Пока читаешь книгу Достоевского, нельзя жить отдельною жизнью от главных действующих лиц рассказа: как будто исчезает граница между вымыслом и действительностью. Это больше чем сочувствие герою, это - слияние с ним. Когда Порфирий не решается подать руки преступнику, чувствуешь негодование на судебного следователя, как будто личную ненависть за его подозрения. Когда Раскольников с окровавленным топором бежит по лестнице и прячется в пустой квартире, где работают маляры, переживаешь весь его ужас, и мучительно хочется, чтобы он спасся, поскорее убежал от справедливой кары закона, чтобы Кох с товарищем как-нибудь не заметили его, чтобы преступление не могло быть открыто. Читатель вместе с героем делает преступный психологический опыт, и потом, когда оставляешь книгу, долго еще нет сил освободиться от ее страшного очарования. Гармония, красота, наслаждение поэзией - все это может пройти, исчезнуть из памяти, забыться со временем, но преступный опыт души никогда не забывается. Достоевский оставляет в сердце такие же неизгладимые следы, как страдание.
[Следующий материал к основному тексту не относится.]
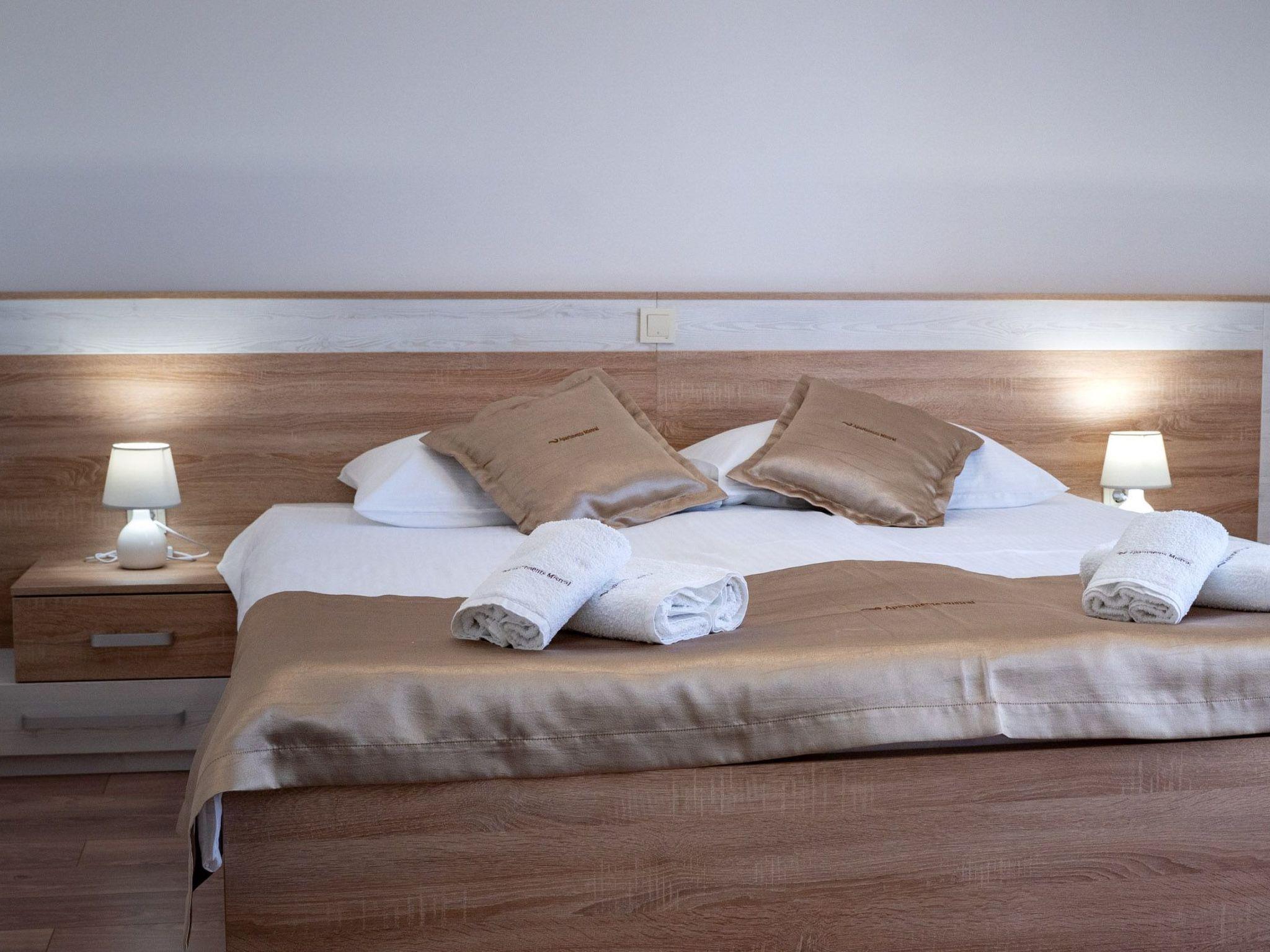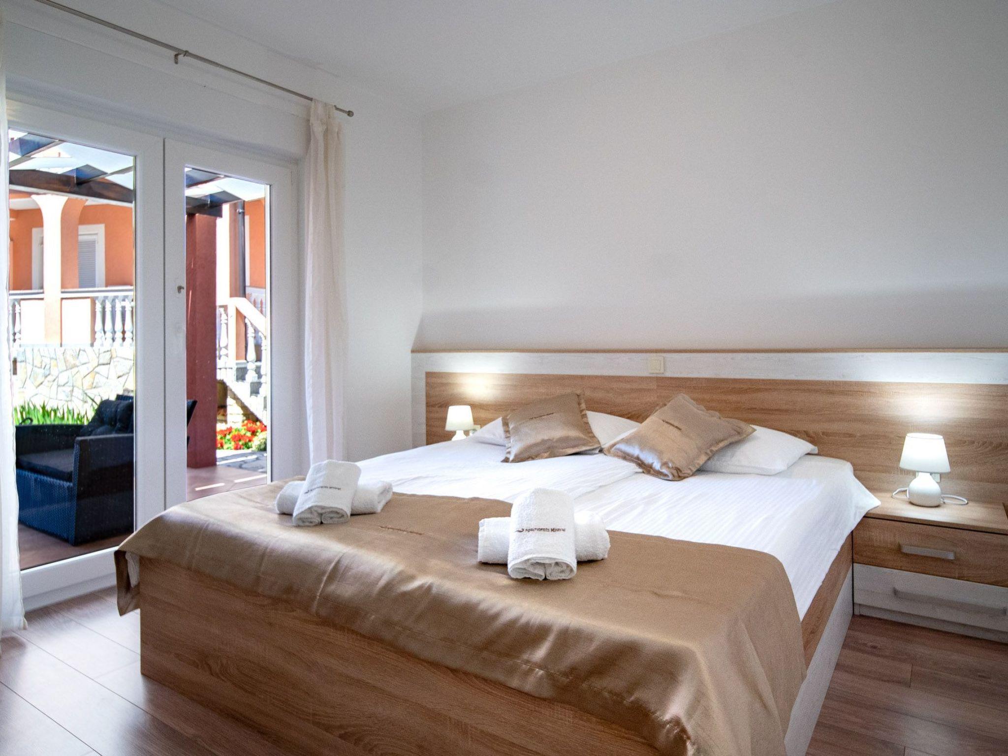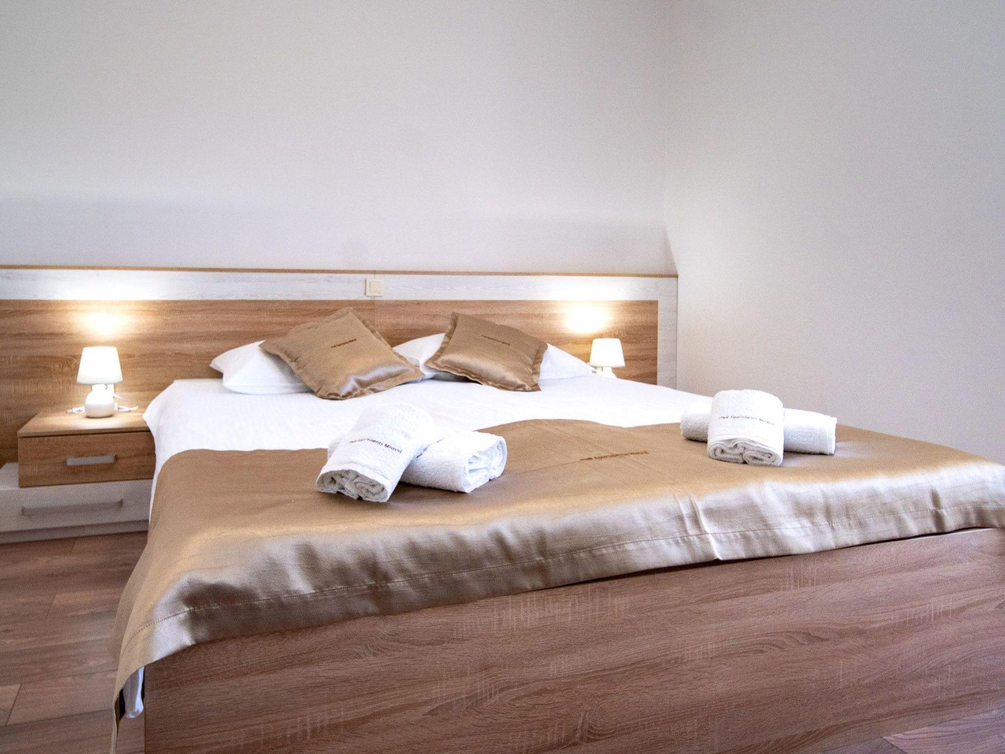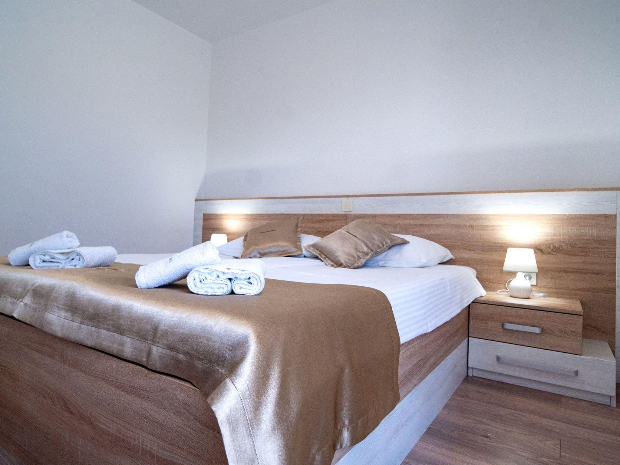The very spacious flat with three bedrooms is located on the ground floor. Brand new, modern and fully equipped apartment that will fulfil all your wishes. We will do our best to make your holiday unforgettable. 130 square metres with three bedrooms with 3 double beds and an extra bed for two people (folding couch) and a single room for one person. Two bathrooms with showers and another separate toilet offer privacy for all visitors. The kitchen is fully equipped (hob, oven, fridge, dishwasher, microwave, coffee maker, kettle) and you can enjoy your meals in the dining room. Flat A is ideal for a large family or a group of friends. Bed linen and towels are provided. The flat is air-conditioned, has satellite TV, free internet access, a safe and two spacious balconies. On a warm summer evening, a seating area with a garden view invites you to relax.Mistral Apartments are located only 100 m from the centre of Lopar. Completely new and high quality accommodation for the whole family or friends. Here you can spend your holiday relaxed and carefree in a quiet location. Close to restaurants, a large shopping centre Konzum, bakery, post office, children's playground, café, pharmacy, bus stop. Each flat has a kitchen, bedroom, bathroom, TV / SAT, Internet (Wifi), air conditioning, balcony, parking and all other necessary equipment (bed linen, towels, coffee maker, kettle, refrigerator, dishwasher) We hope that you will decide to rent our flats Mistral!Short descriptionOther : Non-smoking houseShort description 1Number of kitchens : 1Other rooms : a large garden pavilion and a rustic tavernSurroundingsLeisure facilities : Car hire, boat hire, bicycle hireSports facilities in the area : Fishing, basketball, mountaineering, hunting, mountain biking, paragliding, cycling, surfing, diving, tennis, water skiingGarden and outdoor facilitiesRecreational facilities at the property : PlaygroundGarden equipment : Garden shed, barbecue, gazebo, play equipmentServicesServices (may apply) chargeable) : Breakfast, drinks service, housekeeping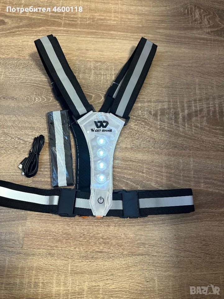 Светлоотразителна жилетка за колоездач, бегач , снимка 1 - Спортна екипировка - 52341441 Светлоотразителна жилетка за колоездач, бегач , снимка 2 - Спортна екипировка - 52341441 1/2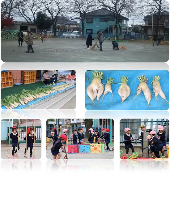 子どもたちは生活発表会に向けて今日も頑張っています。また、園医の金井先生のご好意で今年も大根を収穫させていただきました。いっぱい収穫できたので子どもたちは家に持ち帰っていただきます。大根の中にはかわいらしい形をした物もあり、子どもたちはびっくりしていたようです。※写真は収穫した大根と今日の様子です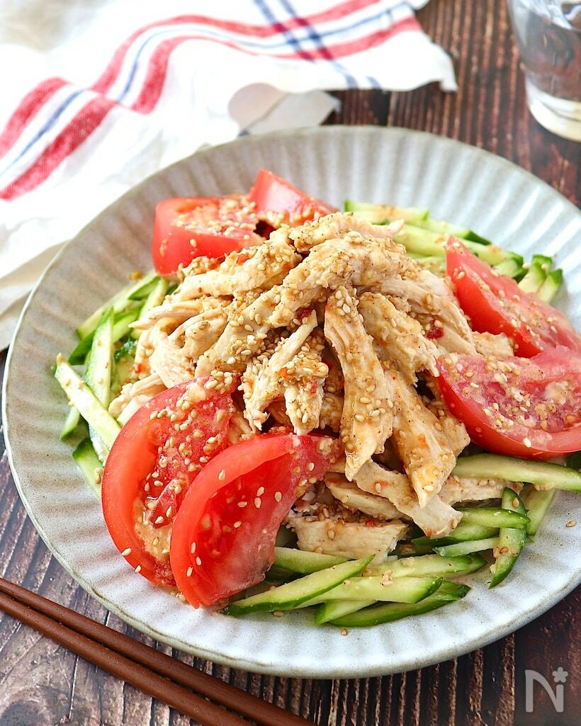鶏むね肉と夏野菜で、おいしくてヘルシーな棒棒鶏が作れます。鶏むね肉をレンチンしてほぐして切った野菜を盛り、特製マヨだれをかければ出来上がり。コクがあって後味さっぱりで絶品です。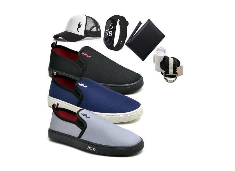 Kit 3 Pares Tênis Slip On Masculino Lona + Carteira + Relógio + Cinto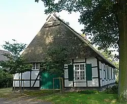 Das eingeschossige zeitweise verputzte Fachwerkhaus, ein niederdeutsches Hallenhaus als Zweiständerhaus mit einem Reetdach und Pferdekopfverzierungen an der Giebelspitze sowie einem großen Scheunentor in einer damals üblichen Bauweise, wurde um 1780 in der Epoche des Barocks für eine Brinksitzer-Bauernfamilie gebaut. Brinksitzer waren von einem Grundherrn abhängig und besaßen nur wenig frei verfügbares Land.

Введение в жизнь героя посредством изображения тончайших, неуловимых переходов в его настроении - вот один из художественных приемов Достоевского; другой заключается в сопоставлениях, в резких контрастах трогательного и ужасного, мистического и реального.

Мармеладов перед смертью, уже в полусознательном состоянии, смотрит на своих нищих детей. Взгляд его остановился на маленькой Лидочке (его любимице), глядевшей на него "своими удивленными, детски пристальными глазами". - А...а... - указывал он на нее с беспокойством. Ему что-то хотелось сказать. - Чего еще? - крикнула Катерина Ивановна. - Босенькая! Босенькая! - бормотал он, полоумным взглядом указывая на босые ножки девочки. "Вошел священник с запасными дарами, седой старичок. Все отступили. Исповедь длилась очень недолго". Катерина Ивановна стала на колени с детьми. Они молились. В эту минуту "из толпы, неслышно и робко, протеснилась девушка, и странно было ее внезапное появление в этой комнате, среди нищеты, лохмотьев, смерти и отчаянья. Она была тоже в лохмотьях: наряд ее был грошовый, но разукрашенный по-уличному, под вкус и правила, сложившиеся в своем особом мире с ярко и позорно выдающеюся целью"... Соня, дочь Мармеладова, была "в шелковом, неприличном здесь, цветном платье с длиннейшим и смешным хвостом, в светлых ботинках, в смешной соломенной круглой шляпе с ярким огненного цвета пером". После этого описания автор сразу переходит к умирающему, говорит об исповеди и причастии.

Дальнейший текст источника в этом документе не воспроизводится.